The German elections on September 26 delivered a resounding slap of reality to Angela Merkel’s Christian Democrats. The party that governed 52 of the 72 years of the Federal Republic, which had just won four consecutive federal elections with the Chancellor and looked condescendingly at the Social Democrats and their poor results, collapsed at the polls to its worst historical record. The Christian Democratic Union (CDU) and its Bavarian sister party, the Christian Social Union (CSU), which are running together in the elections, obtained an unusual 24.1% of the vote. The electoral debacle has thrown the Conservatives into chaos. The CDU is now preparing to lead the opposition, but it has a lot to put together behind the scenes. Aimless, disunited, and lacking a leader at the helm, Merkel’s party wonders how she will get out of the hole.
The Chancellor herself is largely to blame for the dilapidated state of her training, which remains in shock because he did not conceive that his electoral floor could fall below 30%. It took several days for its leader, Armin Laschet, to become aware of the smack, who was begging to congratulate the Social Democratic candidate, Olaf Scholz, on his victory. Instead of doing it in public, he sent her a letter by post. “Merkel has not prepared her succession, and that has been a terrible mistake that casts a very dark shadow on her legacy,” says Uwe Jun, professor of Political Science at the University of Trier and author of several monographs on federal policy. The chancellor did not give any of her colleagues in the party the opportunity to build a solid candidate profile. “In the last four years he has ignored his party, as if it no longer interested him. Although he has always had an ambivalent relationship with his own line-up ”, Jun adds.
Merkel did come to sponsor two powerful figures of the CDU. The first, Ursula von der Leyen, ended up as President of the European Commission. The second, Annegret Kramp-Karrenbauer, promoted to the presidency of the party by the chancellor at the end of 2018, fell victim to a part of her own formation only 14 months later. She was unable to prevail in the Thuringia regional election scandal and gave an image of weakness that ended her chances of succeeding Chancellor. Since then, Merkel has remained aloof from internal power struggles and has not supported any of the men – they are the overwhelming majority at the top and amid the harvest of new promises – who aspire to lead the German conservatives.

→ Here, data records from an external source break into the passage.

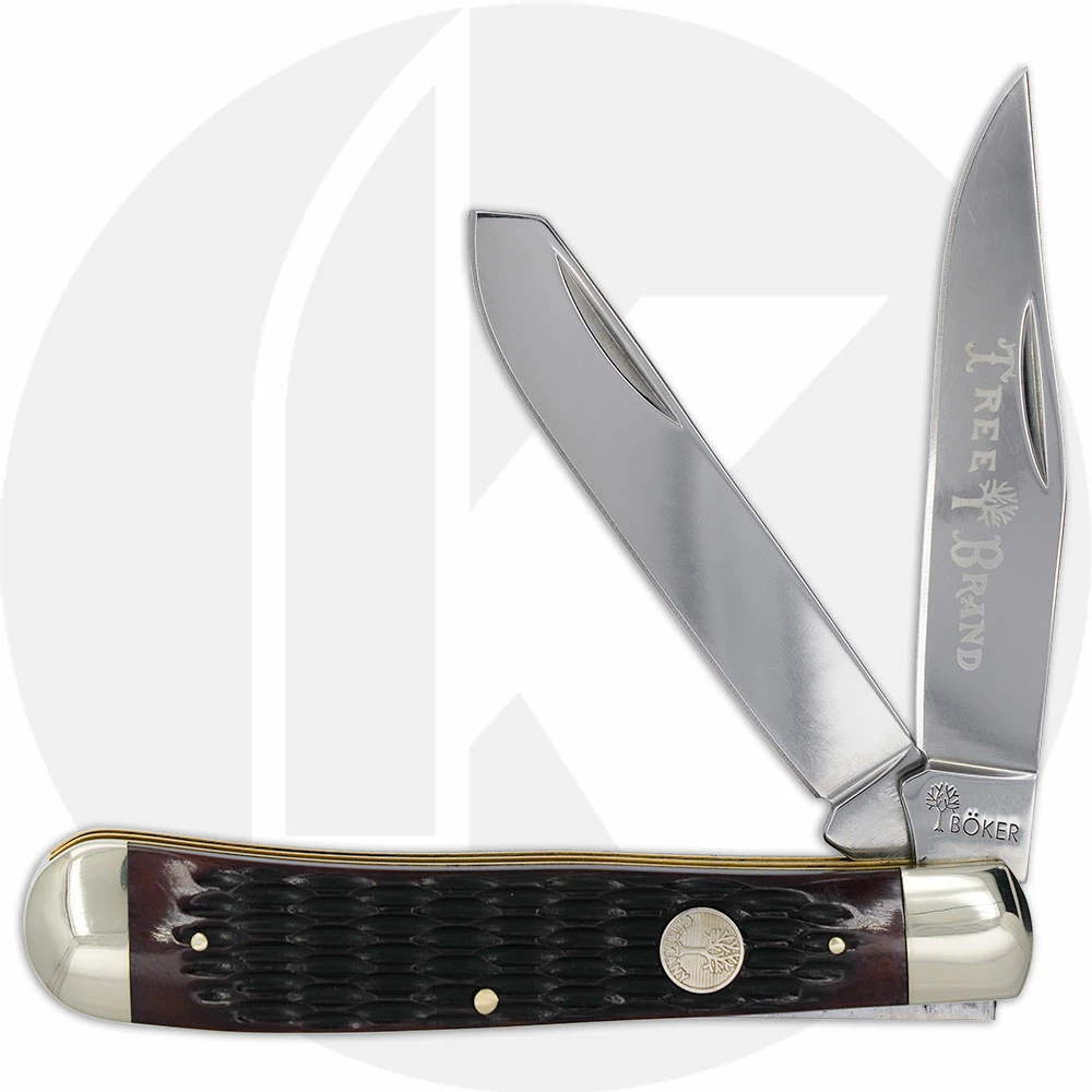 The 110812 Boker Trapper Knife, part of the Boker Traditional Series 2.0, is a classic value price pocket knife that features clip and spey blades made of tough D2 tool steel with nail nicks for opening. The jigged brown bone handle, 4 1/4 inches closed, has brass liners, round Tree Shield and nickel silver bolsters. The Boker Trapper Knife weighs 3.7 ounces. Imported from Germany.
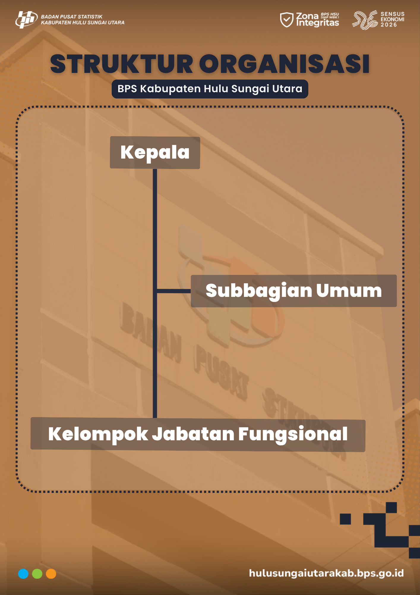 Untuk melaksanakan tugas, fungsi, susunan organisasi dan tata kerja tersebut, sesuai Peraturan BPS Nomor 5 Tahun 2023 tentang Organisasi dan Tata Kerja Badan Pusat Statistik Provinsi dan Badan Pusat Statistik Kabupaten/Kota, telah ditentukan struktur organisasi Badan Pusat Statistik Kabupaten Hulu Sungai Utara, yaitu:
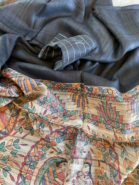This saree is a stunning Designer silk sari in Tussor in a plain ash black body and a beautiful intricate Madhubani design pallu! The motives are inspired by the traditional tribal art of the state of Bihar in India.
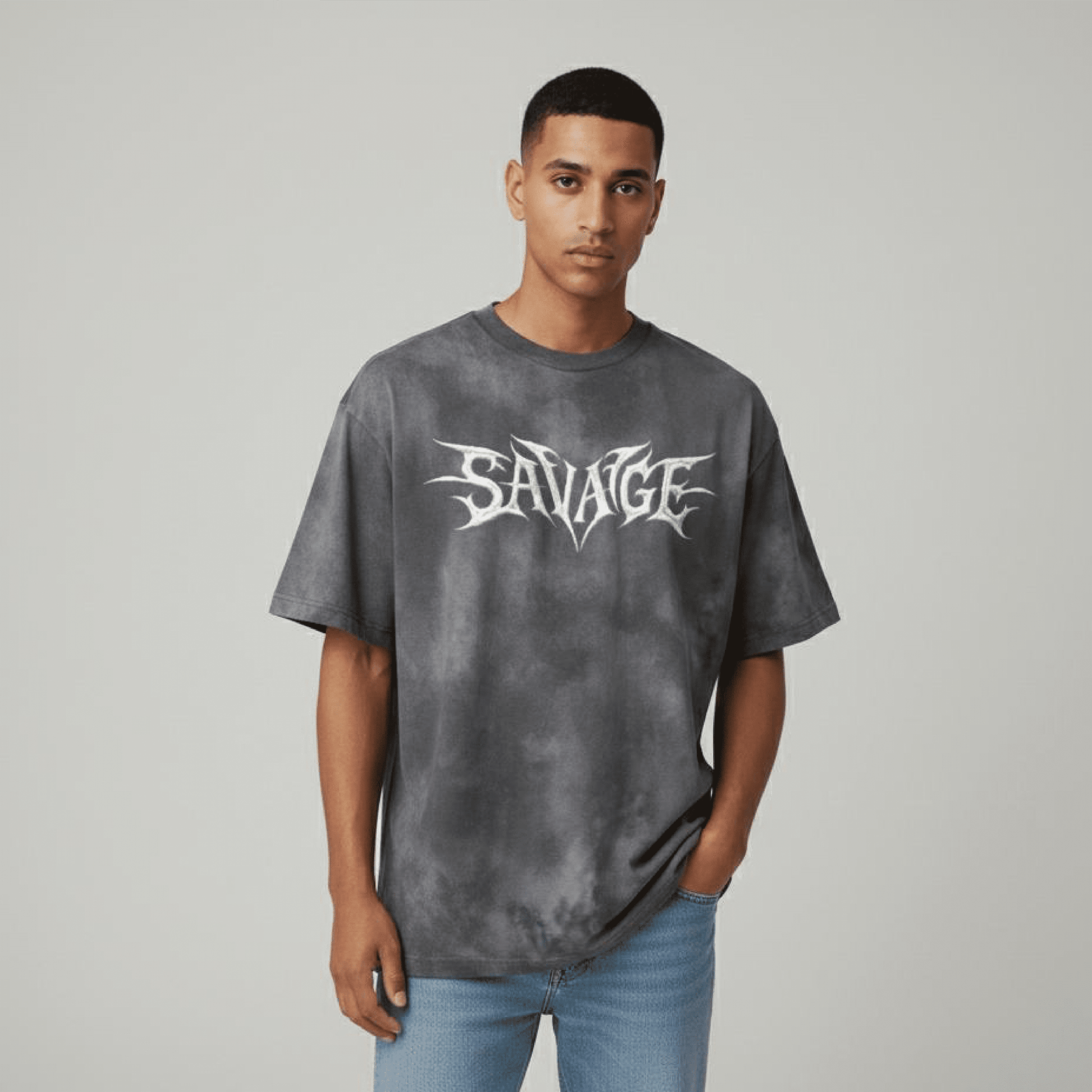 The Savage Oversized Tee is built for those who don’t blend in. Crafted in a vintage-washed charcoal tone with a bold, spiked ‘SAVAGE’ logo across the chest, this tee channels raw street energy and attitude. Made from soft, heavyweight cotton for maximum comfort and durability, it’s perfect for pairing with cargos, ripped jeans, or joggers. Whether you’re hitting the streets or just chilling, this tee says it all — you’re built different
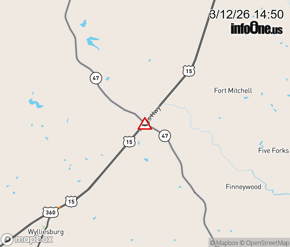 On US-15 North in the County of Charlotte, in the vicinity of Craftons Gate Hwy; Craighead Ln; Seven Winds Ln; Shiloh Church Rd; VA-47N/S, motorists can expect delays due to a vehicle crash. Lane closures exist. ![]() |
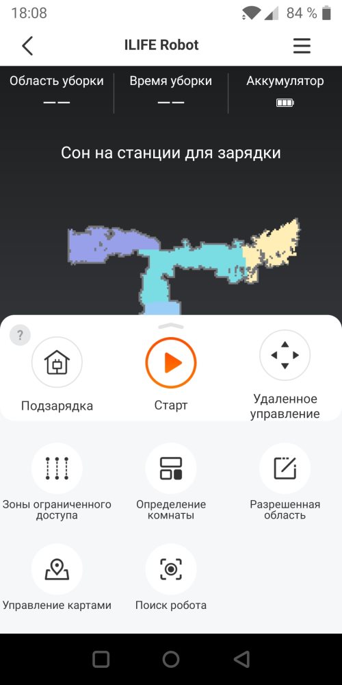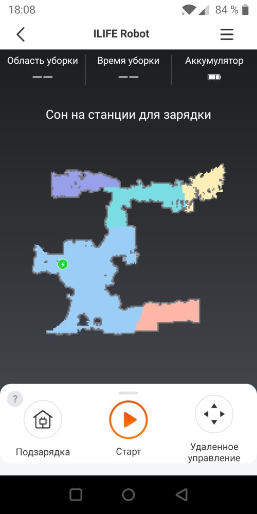Далее мы видим карту, где разным цветом выделены различные помещения. Внизу находится три кнопки, а ещё ниже можно раздвинуть меню вверх. Значков сразу становится больше. Первая кнопка «Подзарядка» отправляет устройство на базу для осуществления зарядки. Далее находится кнопка «Старт», которая запускает пылесос на уборку. Предусмотрено и дистанционное управление, чтобы вручную направлять устройство.
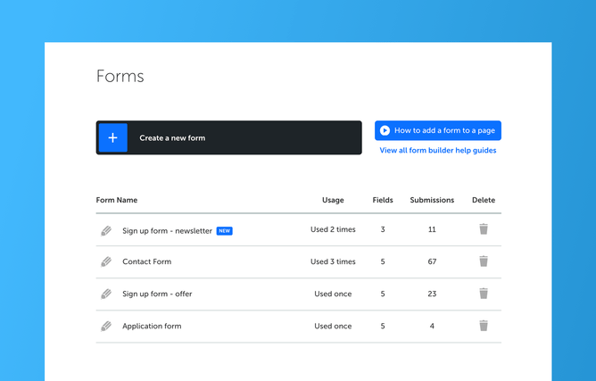 The flexibility of our form builder means you might end up with lots of forms. Thankfully, managing a heap of forms couldn’t be easier. The “My Forms” page, found in your Rocketspark Dashboard, lets you see all your forms at a glance. From here, you can edit your forms, track the number of form submissions made, and delete any you no longer need. And, for forms used multiple times, you no longer need to painstakingly make changes to one form at a time. Just make a change once and it’ll show up across all identical forms used throughout your entire site.
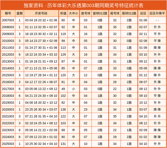 第2026003期大乐透分析号码参考:
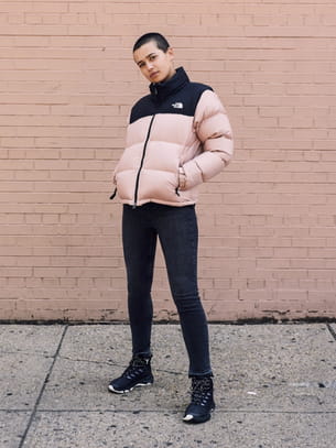 Doudoune courte oversize couleur rosée et empiècement noir à col montant et capuche avec fermeture glissière contrastante noire et poches passepoilées sur le devant de The North Face
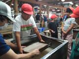 じゃが丸くんを作っている様子です。落合さんのじゃがいも使って、調理員さんが手作業で潰します。
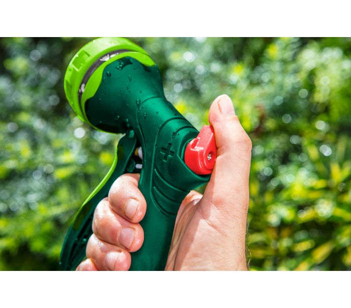 Pistolul de pulverizare VERTO este dotat cu funcția de reglare a debitului de apă, ceea ce vă permite să adaptați performanța acestuia la activitatea desfășurată. Marcajele clare facilitează alegerea tipului potrivit de duză. Pistolul are o blocare a pârghiei din față, datorită căruia poate funcționa în modul continuu. Mânerul cu formă ergonomică se potrivește bine în mână și nu alunecă, ceea ce mărește confortul de lucru.

The collapse of the CDU has several causes. Since 2017, the party has obtained rather poor results in several regional elections, recalls Gero Neugebauer, a political scientist at the Free University of Berlin specializing in electoral machinery, which have been undermining its image as a “popular party” (Volkspartei). Poor management of internal leadership since Merkel’s retirement as party chair, the conflict in Thuringia and, more recently, several corruption scandals and the erratic direction of the pandemic by CDU Health Minister Jens Spahn have It has been filling the glass of patience of conservative voters, in Neugebauer’s opinion: “The party has gradually created an image of an organization incapable of acting, something that could be verified during the campaign. The CDU was unable to mobilize its followers ”. But if there is something that all analysts agree as the trigger for the CDU slam, it is a key decision before an election: the candidate.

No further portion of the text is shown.